しかし、今回のSARS proteinaseX線解析で報告された鍵穴に相当する部分は、鍵穴に相当する大切な一部分が(1)で述べたように欠落しています。即ち、鍵穴が正確に決められていない、欠陥鍵穴になっています。
(3)もし、上記のような欠陥のある鍵穴に対して、薬物のコンピュータによるハイスループットシミュレーションを行うと、本来なら、見つかるべき薬物の大きさより大きな(酵素の欠陥鍵穴座標部分を占有するような)、薬物がスクリーニングされてしまいます。
(4)従って、今回発表されたSARS proteinaseのX線結果のタンパク質座標をそのまま使用すると、間違ったスクリーニングをすることになってしまいます。
(5)薬物設計を行うにあたっては、SARS proteinaseのX線結果のタンパク質座標の欠損部分を、ホモロジーモデリングで補い、補完して完全なタンパク質座標をつくらねばなりません。要するに、SARS proteinaseのX線結果のタンパク質座標が欠損している部分に対して、ホモロジーモデリングを利用して補完する必要があるということです。上記に示した図はSARS proteinaseの補完モデルとなっております。

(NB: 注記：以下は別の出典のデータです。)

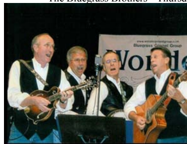
Wonder - Thursday, 22nd & Saturday, 24th
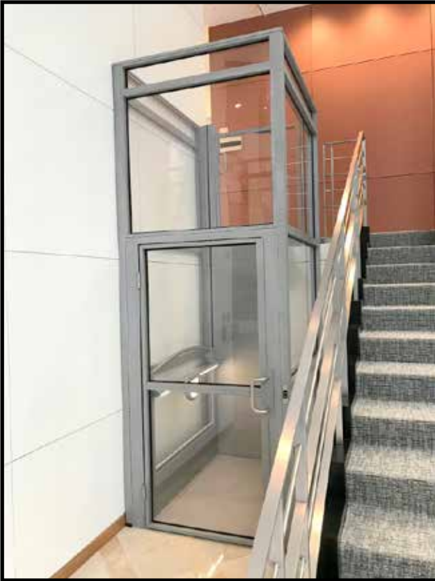
BlackRock Medical, New York, NY

(6)この結果から今回発表されたSARS proteinaseのX線解析データは、そのままでは薬物設計に適さないということになります。つまり、さらに完全な状態のX線解析が必要であると考えられます。
X線解析データとの比較により、インシリコサイエンス社で作成したSARSモデリングデータは信頼できることが実証され、ドラッグデザインに弊社モデルを利用することも有用である点も実証されました。